When he was quite young, his father had one of the first telephones in his neighborhood. He remember well the polished old case fastened to the wall. The shiny receiver hung on the side of the box. He was too little to reach the telephone, but used to listen with fascination when his mother used to talk to it.
Then he discovered that somewhere inside the wonderful device lived an amazing person - her name was "Information Please" and there was nothing she did not know. "Information Please" could supply anybody's number and the correct time. His first personal experience with this genie-in the-bottle came one day while his mother was visiting a neighbor. Amusing at the tool bench in the basement, he whacked his finger with a hammer. The pain was terrible, but there didn't seem to be any reason in crying because there was no one home to give sympathy. He walked around the house sucking throbbing finger, finally arriving at the stairway.

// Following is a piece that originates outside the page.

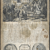 «BALANCE DE FRÉDÉRIC» / «TROIS / HOMMES / CELÉBRES / DU XVIIIeme / SIECLE» «F.A. de Voltaire.» / «J.J. ROUSSEAU.»
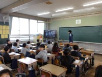 図工では,版画を制作します。海の生き物を大きく描いて回りの表現します。彫刻刀も使...

The telephone! Quickly, he ran for the foot stool in the parlor and dragged it to the landing. Climbing up, he unhooked the receiver in the parlor and held it to his ear. "Information Please," he said into the mouthpiece just above his head.
A click or two and a small clear voice spoke into his ear.
"I hurt my finger..." I wailed into the phone. The tears came readily enough now that he had an audience.
"Isn't your mother home?" came the question.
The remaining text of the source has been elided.